Lo que quiso decirnos Francisco es que debemos seguir adelante en el servicio que la Compañía presta a la Iglesia y de la manera en que lo hace. Unidos, libres, obedientes… que es la forma propia de la Compañía de Jesús. La Compañía de Jesús, a diferencia de lo que muchos piensan, es un grupo de amigos en el Señor que forman un todo y trabajan unidos al servicio de la Iglesia; la obediencia era algo importante para san Ignacio, nace de ese mismo ponerse al servicio del Papa para ser enviados allí donde el Papa considera que hace más falta y que la Compañía puede hacer un aporte concreto. Yo personalmente sentí estas palabras como una confirmación del trabajo de la Compañía en diversas partes del mundo que muchas veces es un trabajo de frontera, no solo física sino allí donde se están debatiendo cuestiones importantes para la humanidad en este momento histórico. Pensemos en esta Universidad, en su clara vocación de contribuir al cambio social de El Salvador para que nuestra sociedad se organice respondiendo a los valores del Evangelio. Esta manera de actuar siempre genera conflictos: con las autoridades, con los que se oponen al cambio que es necesario. El martirio de nuestros compañeros jesuitas se debe precisamente al hecho de que estaban en la frontera de la marginación, de la violencia, de la exclusión, cuando en el país todavía se pensaba en el fin de la guerra como la victoria de un contrincante sobre el otro.
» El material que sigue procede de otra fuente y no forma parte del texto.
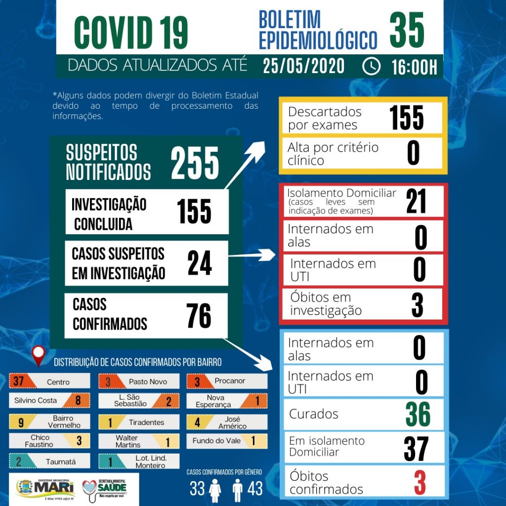 Em Mari, número de pacientes curados da Covid-19 sobe para 36 e casos confirmados chegam a 76

Mientras que ellos, después de la muerte de monseñor Romero, trabajaron codo a codo con su sucesor, Arturo Rivera y Damas, un hombre muy convencido de que se debían buscar caminos de paz en El Salvador para llegar a los acuerdos que después se lograron.
¿Conoce al padre Sosa, su nuevo General?
Estuve con él en tres oportunidades como profesor del Departamento de pensamiento político venezolano de la Universidad Católica de Táchira, en la frontera de Venezuela con Colombia. Nosotros, de la UCA, también formamos parte de una asociación de universidades jesuíticas de América Latina. La última vez que nos vimos fue precisamente aquí, en El Salvador, donde tuvimos la asamblea general de esta asociación. El padre Sosa es un hombre alegre, con sentido del humor y una gran profundidad. Recientemente volví a verlo en Roma en un encuentro de rectores cuyo tema era la misericordia, convocado por las universidades del Lazio junto con la Pastoral Universitaria de la Santa Sede. Después compartimos la mesa del almuerzo en la Casa Generalicia de Roma.